Why is this important

Climate Action and Decarbonization: The research directly addresses the need to transition away from fossil fuels and reduce carbon dioxide emissions. Green hydrogen, produced using renewable energy, is a cleaner alternative to traditional hydrogen production, which often relies on fossil fuels.

Energy Security and Sustainability: By focusing on off-grid areas like Limpopo, the study highlights how standalone systems can supply sustainable energy to rural regions with limited infrastructure. This supports energy security and makes clean energy accessible to underserved communities.

Technological Advancement: The study contributes to optimizing green hydrogen systems by identifying cost-effective and efficient combinations of solar panels and electrolysers. This paves the way for improved technology and scalability in the future.

Economic and Social Impact: Lowering the costs of green hydrogen production can make it viable for diverse applications across industries like transportation, manufacturing, and energy storage. This could create jobs, stimulate economic growth, and foster sustainable development.

Global Energy Transition: Green hydrogen is expected to play a significant role in achieving net-zero emissions. Insights from studies like this guide investments, policy decisions, and infrastructure development for a greener and more sustainable future.

What the Authors Recommended

• The study recommends enhancing electrolyser efficiency and reducing costs for solar panels and electrolysers to make green hydrogen production more affordable.
• Explore ways to lower the levelized cost of Hydrogen (LCOH) and Net Present Cost (NPC) through innovative system configurations and sensitivity analyses.
• The study emphasizes tailoring green hydrogen systems to specific regions, like Limpopo, leveraging abundant solar resources for optimal performance.
• Furthermore, the study advocates addressing fluctuating hydrogen demand and system scalability to ensure cost-effective deployment in diverse settings.
• In addition, the authors emphasize promoting the use of green hydrogen across multiple sectors, including transportation, manufacturing, and energy storage, to support sustainable development.

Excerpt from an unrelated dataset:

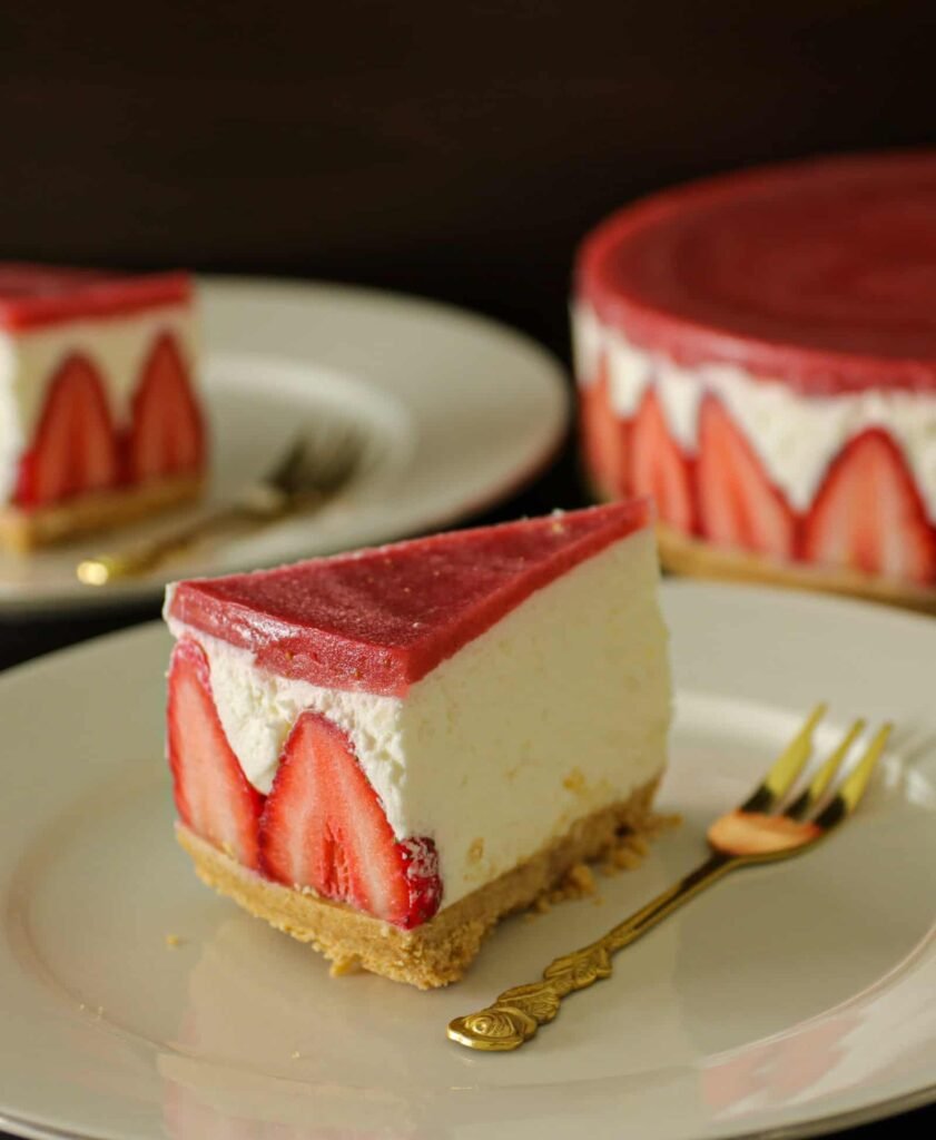2. No-Bake Strawberry Cheesecake (Eggless, Gelatin-Free)

In conclusion, the study by Lebepe et al. (2025) provides valuable insights into optimizing solar-powered green hydrogen production, particularly in off-grid regions like Limpopo. By identifying the most cost-effective combination of monocrystalline solar panels and alkaline electrolysers, the research highlights a viable pathway for reducing hydrogen production costs and promoting energy sustainability. This work supports the global transition to cleaner energy sources, offering solutions that enhance energy security, drive technological advancements, and contribute to economic growth. As green hydrogen gains momentum in the fight against climate change, studies like this pave the way for a more sustainable and decarbonized future.